Tamerlan Tsarnaev apparently became increasingly radical in the past three or four years, according to an analysis of his social media accounts and the recollections of family members. But so far there has been no evidence of active association with international jihadist groups.

In August 2012, soon after returning from a visit to Russia, the elder Tsarnaev brother created a YouTube channel with links to a number of videos. Two videos under a category labeled “Terrorists” were deleted. It’s not clear when or by whom.

A CNN analysis of the YouTube channel determined one deleted video featured a militant named Abu Dujana, whose real name was Gadzhimurad Dolgatov. CNN has located a video clip of the footage in question.

Russian security services killed Dolgatov in December during an assault on an apartment in the Russian Caucasus republic of Dagestan. Dolgatov led a small group in Dagestan that had links to the main Islamist militant group in the region, Imarat Kavkaz.
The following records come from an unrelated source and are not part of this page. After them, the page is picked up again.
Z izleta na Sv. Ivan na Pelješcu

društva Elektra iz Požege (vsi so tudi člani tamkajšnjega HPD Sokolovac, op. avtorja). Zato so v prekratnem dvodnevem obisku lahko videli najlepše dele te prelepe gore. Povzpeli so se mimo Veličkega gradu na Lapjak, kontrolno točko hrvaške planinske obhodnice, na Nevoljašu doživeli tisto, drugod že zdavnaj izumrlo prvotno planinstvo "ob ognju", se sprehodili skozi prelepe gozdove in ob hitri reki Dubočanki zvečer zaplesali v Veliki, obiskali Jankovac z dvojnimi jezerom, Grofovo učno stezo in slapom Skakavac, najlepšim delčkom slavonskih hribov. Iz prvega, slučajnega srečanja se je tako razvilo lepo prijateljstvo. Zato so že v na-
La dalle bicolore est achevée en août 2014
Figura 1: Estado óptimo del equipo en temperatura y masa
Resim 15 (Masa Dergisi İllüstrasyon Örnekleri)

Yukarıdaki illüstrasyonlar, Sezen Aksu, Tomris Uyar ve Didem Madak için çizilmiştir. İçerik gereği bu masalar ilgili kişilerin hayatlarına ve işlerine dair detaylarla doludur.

Separately, a U.S. intelligence source told CNN that investigators are looking into whether Tsarnaev had any connections with the group, known in English as Caucasus Emirates. The source says Tsarnaev had several computer links to the group in his social media activities, and investigators are looking into the possibility that he received “operational plans” from this group.
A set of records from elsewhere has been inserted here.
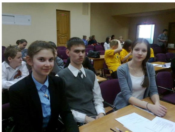
(Перед началом конкурса)

Вторая часть - это конкурс активистов музеев, в котором принимали участие команды школ, состоящие из 3-х человек.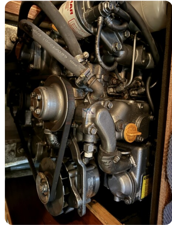
Contest 35S 29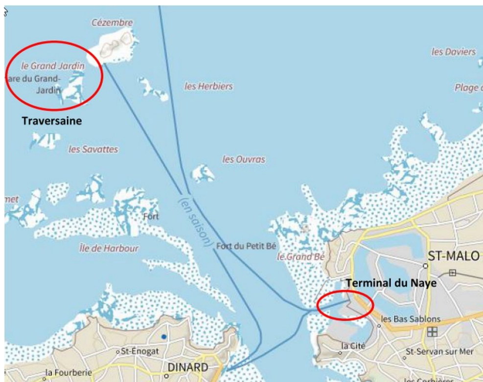
Figure 1: Chenal de l'avant-port de Saint-Malo (extrait de l'étude d'impact)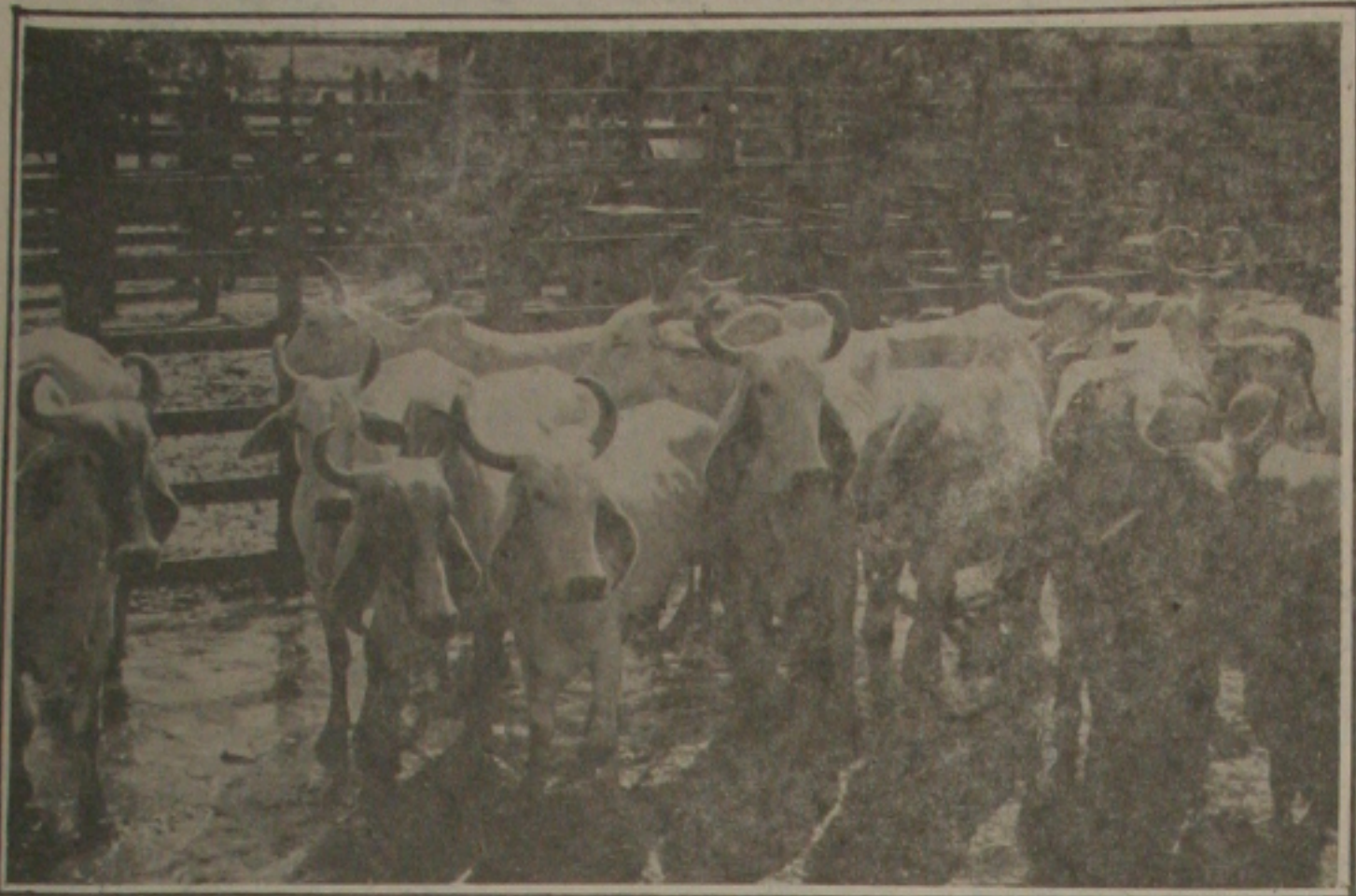
A Sudap iniciou a terceira campanha de vacinação para combater a febre aftosa que dizima o rebanho bovino.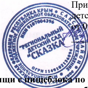
График выдачи пищи с пищеблока по возрастным группам муниципального бюджетного дошкольного образовательного учреждения «Региональный детский сад «Сказка» села Крымское Сакского района Республики Крым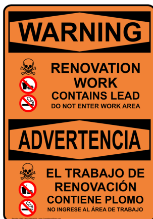
Ejemplo de señalización

En el caso de que las condiciones del sitio no se ajusten a las normas, se emitirá una orden de detención de trabajo hasta que el personal del programa resuelva y verifique todas las cuestiones. En el cálculo de la duración de la construcción se tendrá en cuenta el tiempo de espera del proyecto y se considerará un fallo del contratista. La orden de suspensión de trabajo también se considerará cuando se determinen futuras asignaciones y participación en futuros proyectos.

Rebels who call themselves Mujahideen of the Caucasus Emirate Province of Dagestan issued a statement Sunday that appeared to distance the group from the Boston bombings, saying they are not fighting the United States.

“We are at war with Russia,” it said. The statement also said that children are never targets of the group.

Moving forward

A week after the marathon bombings, 55 remain hospitalized, including three in critical condition, according to a CNN tally.

At least a dozen survivors have endured amputations.

Tsarnaev, meanwhile, remains in serious but stable condition with a gunshot wound on his neck, a federal law enforcement source with knowledge of the investigation told CNN on Sunday.

It is unclear whether Tsarnaev was wounded during his capture or in the earlier shootout with police that left his older brother dead, said the source, who spoke on condition of anonymity.

“He’s not in a condition to be interrogated at this time,” Davis told reporters Sunday afternoon.

Authorities have not publicly stated what charges will be filed against Tsarnaev, but a Justice Department official who has been briefed on the case told CNN he will face federal terrorism charges and possibly state murder charges.

While Massachusetts does not have a death penalty, prosecutors could seek the death penalty at the federal level.

A run to remember

On the one-week anniversary of the Boston attacks, thousands of runners across the country will pound the pavement in a show of unity and support for the victims and their families.

At least 80 cities are participating in #BostonStrong, a “Run for Boston in Your City” campaign, organizer Brian Kelley said.

The global campaign is “a run for us to unite and show our strength, a run for those that were unable to finish, a run for those that may never run again” and “a run for us to try and make sense of the tragedy that has forever changed something we love.”